:: Problem ::
Within the material below, locate the line with "街灯に灯がともる日没前のひとときがとてもきれいな街。" and the line with "另一相對低價的區(qū)域是", then return those two lines and all lines between them, exactly as written.

··· Available data

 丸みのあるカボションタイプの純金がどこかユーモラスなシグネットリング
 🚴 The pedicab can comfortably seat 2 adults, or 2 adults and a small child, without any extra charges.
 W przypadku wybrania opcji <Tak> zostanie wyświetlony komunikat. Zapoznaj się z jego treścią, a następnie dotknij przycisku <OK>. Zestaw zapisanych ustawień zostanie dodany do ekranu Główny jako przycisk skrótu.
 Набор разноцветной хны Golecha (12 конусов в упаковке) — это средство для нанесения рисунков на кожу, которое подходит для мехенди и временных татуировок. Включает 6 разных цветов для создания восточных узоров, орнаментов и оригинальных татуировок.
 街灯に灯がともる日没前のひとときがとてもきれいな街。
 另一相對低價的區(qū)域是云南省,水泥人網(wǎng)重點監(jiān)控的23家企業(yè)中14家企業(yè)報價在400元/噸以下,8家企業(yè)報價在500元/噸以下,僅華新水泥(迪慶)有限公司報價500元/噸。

······
··· Available data

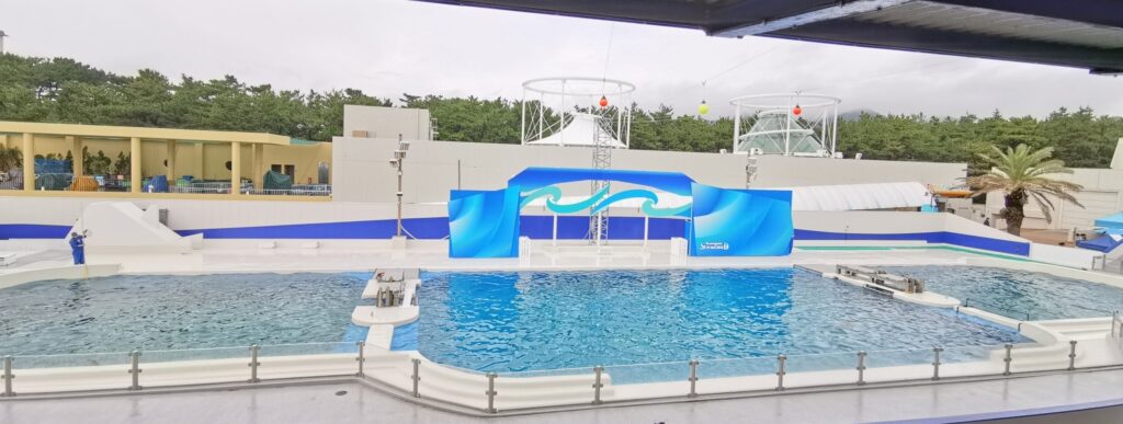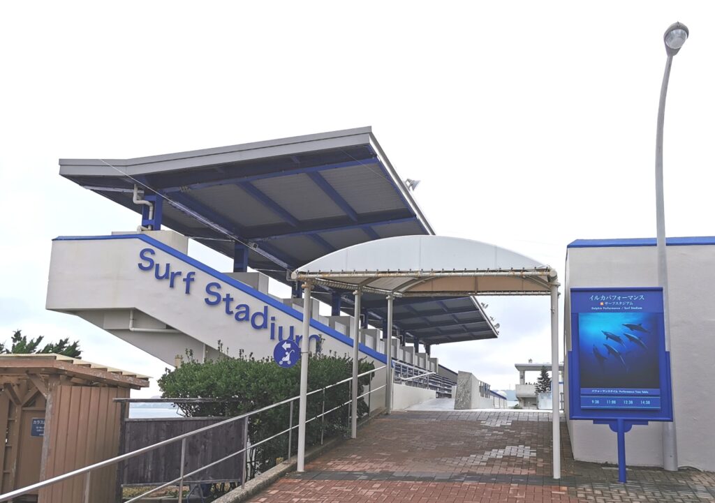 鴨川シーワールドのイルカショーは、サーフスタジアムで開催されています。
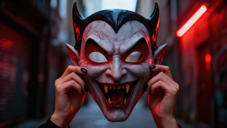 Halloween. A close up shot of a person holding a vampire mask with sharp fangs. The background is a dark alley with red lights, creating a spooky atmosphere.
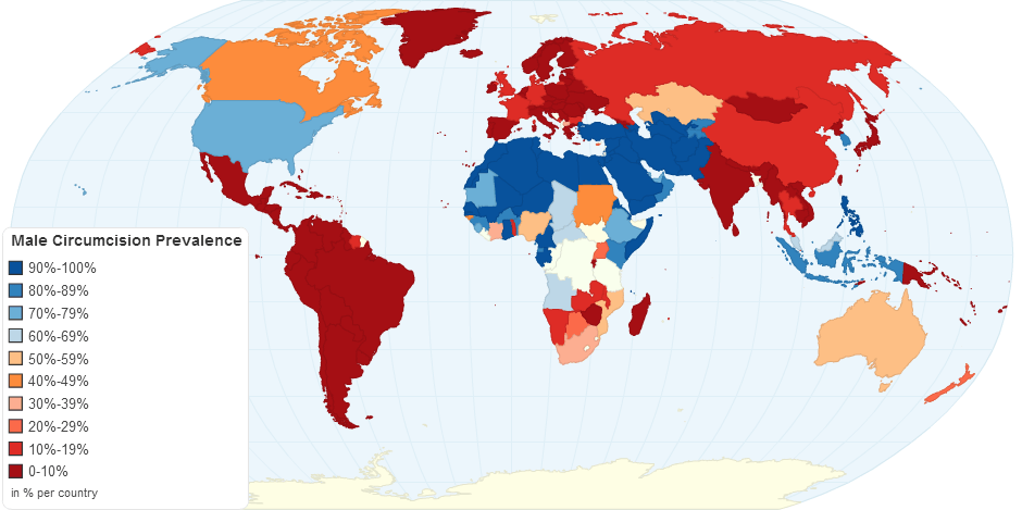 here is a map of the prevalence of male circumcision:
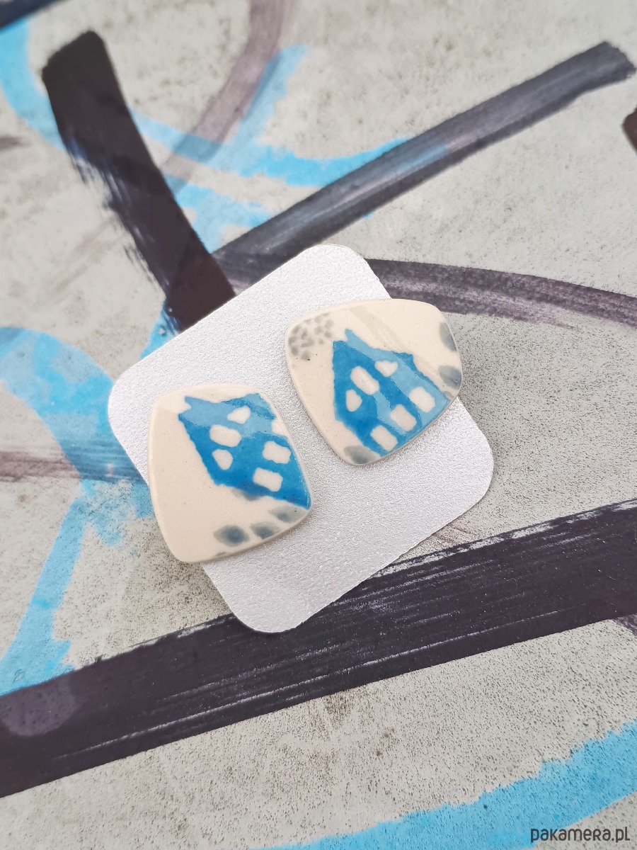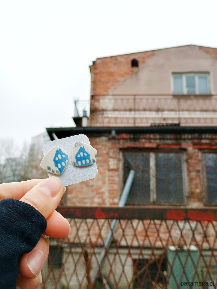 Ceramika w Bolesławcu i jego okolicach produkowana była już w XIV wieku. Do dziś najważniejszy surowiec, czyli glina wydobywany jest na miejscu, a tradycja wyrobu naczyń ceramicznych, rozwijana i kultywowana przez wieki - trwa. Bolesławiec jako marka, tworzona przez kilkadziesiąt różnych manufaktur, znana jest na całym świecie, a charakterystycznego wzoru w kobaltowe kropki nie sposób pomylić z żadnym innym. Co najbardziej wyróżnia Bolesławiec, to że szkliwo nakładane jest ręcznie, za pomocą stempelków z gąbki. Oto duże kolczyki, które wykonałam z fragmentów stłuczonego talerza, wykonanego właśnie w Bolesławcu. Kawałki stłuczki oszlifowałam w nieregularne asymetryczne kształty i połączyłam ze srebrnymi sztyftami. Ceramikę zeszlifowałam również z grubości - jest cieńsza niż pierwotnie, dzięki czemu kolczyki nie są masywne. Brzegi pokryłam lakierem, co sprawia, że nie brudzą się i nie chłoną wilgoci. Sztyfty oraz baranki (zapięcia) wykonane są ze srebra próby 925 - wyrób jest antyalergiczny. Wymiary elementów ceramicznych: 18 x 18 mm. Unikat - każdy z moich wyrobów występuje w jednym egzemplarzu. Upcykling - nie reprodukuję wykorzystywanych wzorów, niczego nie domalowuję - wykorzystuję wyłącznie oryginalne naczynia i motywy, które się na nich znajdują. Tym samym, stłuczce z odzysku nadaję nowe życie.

······
··· Available data

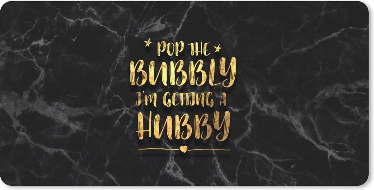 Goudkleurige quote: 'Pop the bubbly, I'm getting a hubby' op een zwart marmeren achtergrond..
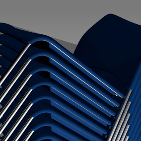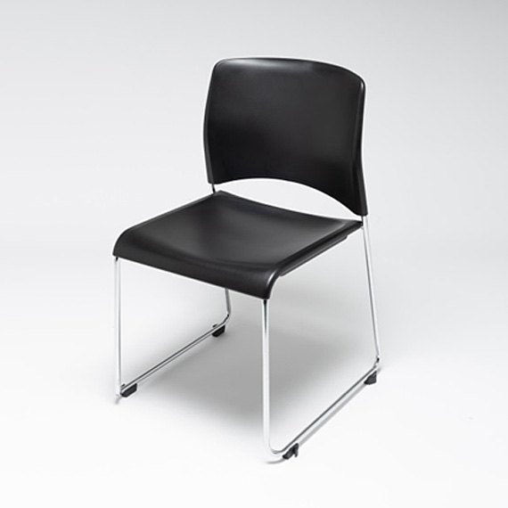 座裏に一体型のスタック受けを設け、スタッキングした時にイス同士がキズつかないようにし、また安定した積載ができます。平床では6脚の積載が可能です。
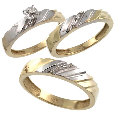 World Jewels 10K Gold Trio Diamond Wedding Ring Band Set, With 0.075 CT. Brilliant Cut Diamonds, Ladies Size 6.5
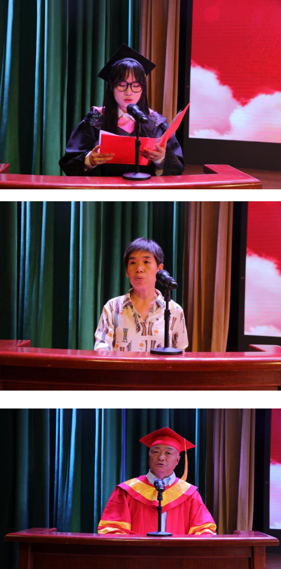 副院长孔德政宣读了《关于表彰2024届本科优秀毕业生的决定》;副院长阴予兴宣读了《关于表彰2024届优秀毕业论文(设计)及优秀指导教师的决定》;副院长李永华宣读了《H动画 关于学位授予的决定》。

······

:: Exercise output ::
 街灯に灯がともる日没前のひとときがとてもきれいな街。
 另一相對低價的區(qū)域是云南省,水泥人網(wǎng)重點監(jiān)控的23家企業(yè)中14家企業(yè)報價在400元/噸以下,8家企業(yè)報價在500元/噸以下,僅華新水泥(迪慶)有限公司報價500元/噸。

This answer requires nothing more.